==== GIVEN DATA
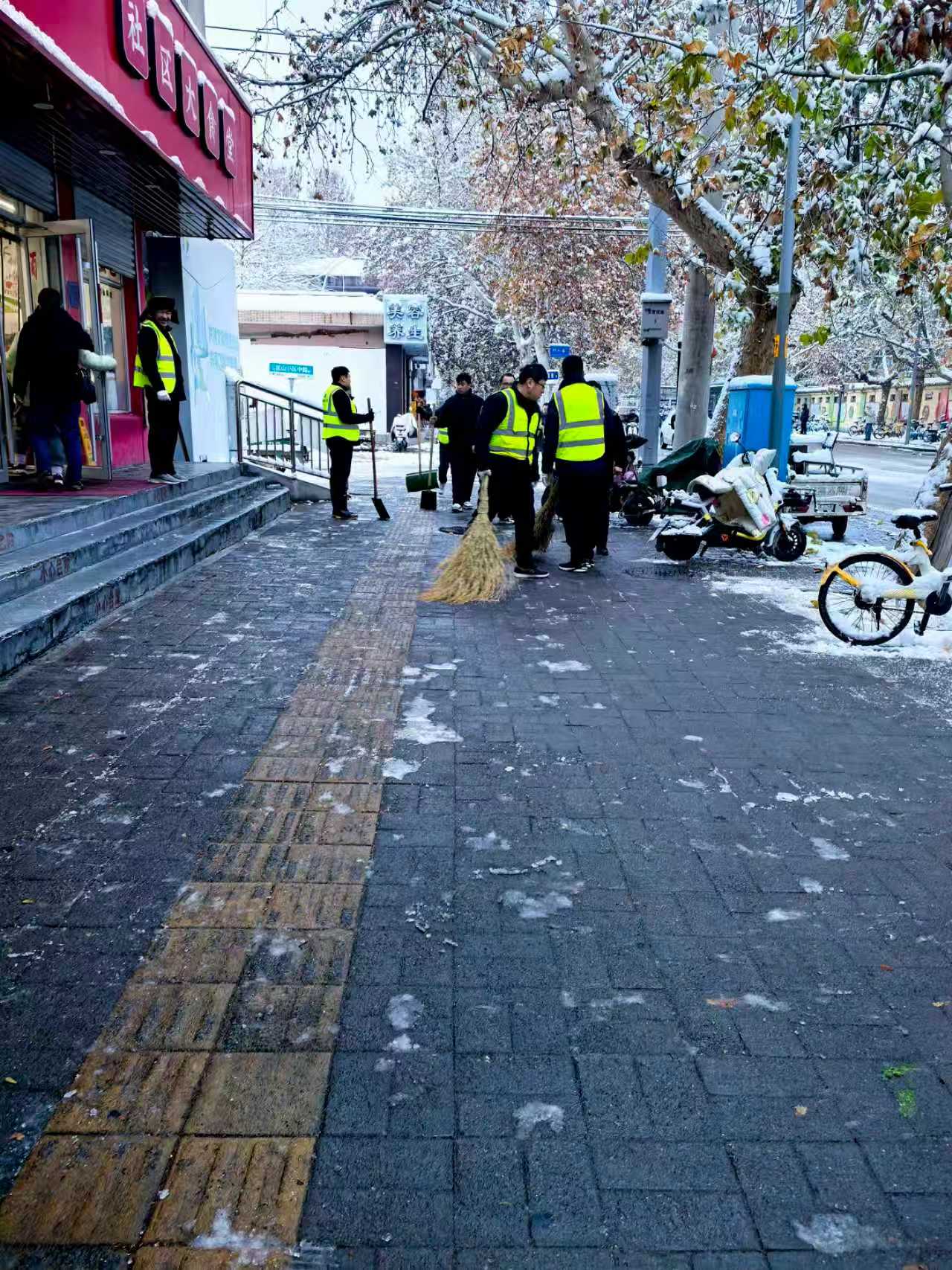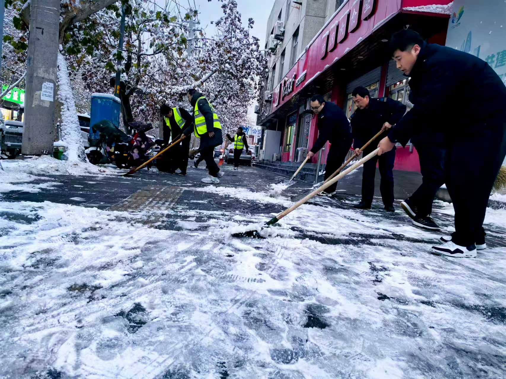 7:00,清雪任务比原计划提前20分钟完成,此时,队员们已鏖战近2小时,棉衣结上一层薄冰,却换来乘客脚下“安全通道”。
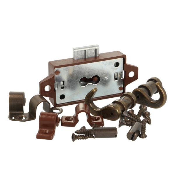 Rotary Bar Lock 155P Brown/NPL, Screw-On, L+R,No Bar or Key, W/Accessories, Simple Key Type, Plastic Body,Zamak Cylinder
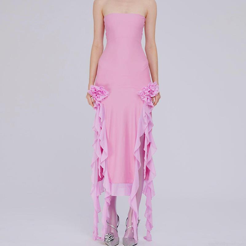 Women's Sexy Strapless Bodycon Midi Dress Elegant Polyester Spandex High Split Ruffle Trim Floral Decor Evening Party Banquet Wedding Guest Dress
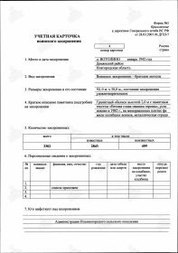 Верхотуров Иннокентий Иванович, 1911 г. р. Место рождения Красноярский край, Богучанский район, с. Богучаны. Призван Богучанским РВК в 1941 году. Красноармеец. Стрелок. В/ч 918 сп 250 сд. Убит в бою 22.05.1942 года. Похоронен Ленинградская область, Демянский район, д. Заозерье, рядом. Перезахоронен Новгородская область, Демянский район, д. Вотолино. В документах допущена ошибка в фамилии- Верхотулин, похоронен под этой фамилией.
========
HOW TO COMPLETE THIS TASK: Please give every line above again word for word, apart from the pictures.

SOLUTION TO THIS EXERCISE:
 7:00,清雪任务比原计划提前20分钟完成,此时,队员们已鏖战近2小时,棉衣结上一层薄冰,却换来乘客脚下“安全通道”。
 Rotary Bar Lock 155P Brown/NPL, Screw-On, L+R,No Bar or Key, W/Accessories, Simple Key Type, Plastic Body,Zamak Cylinder
 Women's Sexy Strapless Bodycon Midi Dress Elegant Polyester Spandex High Split Ruffle Trim Floral Decor Evening Party Banquet Wedding Guest Dress
 Верхотуров Иннокентий Иванович, 1911 г. р. Место рождения Красноярский край, Богучанский район, с. Богучаны. Призван Богучанским РВК в 1941 году. Красноармеец. Стрелок. В/ч 918 сп 250 сд. Убит в бою 22.05.1942 года. Похоронен Ленинградская область, Демянский район, д. Заозерье, рядом. Перезахоронен Новгородская область, Демянский район, д. Вотолино. В документах допущена ошибка в фамилии- Верхотулин, похоронен под этой фамилией.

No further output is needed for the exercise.